Recipe for Disaster: Why the Prospect of Calorie Content on Menus Fills me with Dread

As part of the government’s campaign to reduce obesity, Boris Johnson plans to include the calorie content of food and drinks on restaurant menus. For me, and undoubtedly many others, this seems like an alarming threat to public wellbeing. 

Trigger Warning: discussion around disordered eating, body image issues and harmful diet culture.

Disclaimer: Issues around eating are complex and my experience does not reflect all.

In my late teenage years, I was fixated on calories. My days at Sixth Form consisted of excessive notetaking and planning around how many calories I would consume and, if I had eaten lunch, how many I would subsequently burn at the gym. Ignoring their flavours and health benefits, foods were reduced to mere digits in my mind as I navigated an excessive and unhealthy bid to lose weight. 

Meals out at restaurants were particularly challenging as I would obsessively flit between what I actually wanted to eat and what I believed fitted with my reduced calorie intake, always settling on the latter. This decision was made easier by the availability of the menu’s calorie information online, which allowed me to maintain my rigid and unhealthy routine. Where available, I would research the nutritional information of menus beforehand, working out which options felt ‘safe’, and whether they would leave room for drinks, a starter or a dessert. Using this information, I would pre-plan my meals, almost always opting for an undressed salad and avoiding anything from pasta and pizza to rich sauces. This information therefore helped to solidify a flawed perception of food and eating. It also allowed my unreasonable desire to diet to come to fruition, despite being seventeen years old, emotionally unstable and already underweight. I refrained from eating foods I loved due to the dreaded number that accompanied them. With calories always on my mind, the joy of eating out became an incredibly complex, unpleasant and guilt-laden experience.

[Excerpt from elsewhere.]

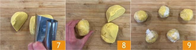 Dividid la masa en 5 porciones de aproximadamente 100 g cada una 7, dad a cada bola una forma redonda 8 y envolvedlas en film transparente 9. Dejad reposar a temperatura ambiente durante 5 minutos.

This extreme meal-planning ahead of restaurant visits is fortunately a thing of the past: after years of anti-depressants and therapy, as well as a huge dose of will power, I now eat intuitively. I choose my meals based on what I crave and how hungry I feel; I do my best to not perceive rich foods in a harmful way. However, the prospect of having calorie information forced in front of me as I browse through a menu poses a new threat to this progress.

For those suffering with unhealthy or disordered eating habits, the government’s plan is dangerous, wrongly reinforcing the centrality of calories and impeding the option of eating intuitively. This concern has been echoed by eating disorder charities such as Beat. Beat’s Chief Executive has previously emphasised the distress and harm that can be caused by calorie labels, arguing that the government’s approach is ‘counter-productive’. Indeed, by reducing a meal to its calorie content, the government will discourage people from eating what they want, in turn reinforcing unhealthy physical or psychological habits. For even the most emotionally-stable diners, calorie information risks introducing a negative and short-sighted way of thinking about food and health, based on numbers rather than the complexity of individual needs. This proposal is in particularly bad taste after months of nationwide lockdown, which seemed to foster widespread anxiety around weight gain.

Including calorie counts also seeks to demonise foods, sharpening the divide between those deemed good (low-calorie) and bad (calorific). Using a simple calorie count as a measure ignores the nuances of food and nutrition, reducing even the healthy fats and necessary carbohydrates to large, daunting digits. This is an unreliable indicator of health. Whilst nuts, for example, have a higher calorie count than other foods of their size, they are full of healthy properties such as fats, proteins and fibres. Nuts are also valuable for the energy they release- a positive product of their calorie content. According to the government’s harmful rhetoric, however, nuts appear ‘bad’.

Thus, with a deceptive focus on calories, the government’s approach to tackling obesity seems negligent. Instead of investigating the systemic roots of the health problem, such as the prices of nutritious food in supermarkets and socioeconomic disparities, the government will embark on a hostile campaign, sowing seeds of guilt and self-blame among the public. In turn, this plan for ‘public health’ will have an adverse effect, putting many people’s mental wellbeing in jeopardy.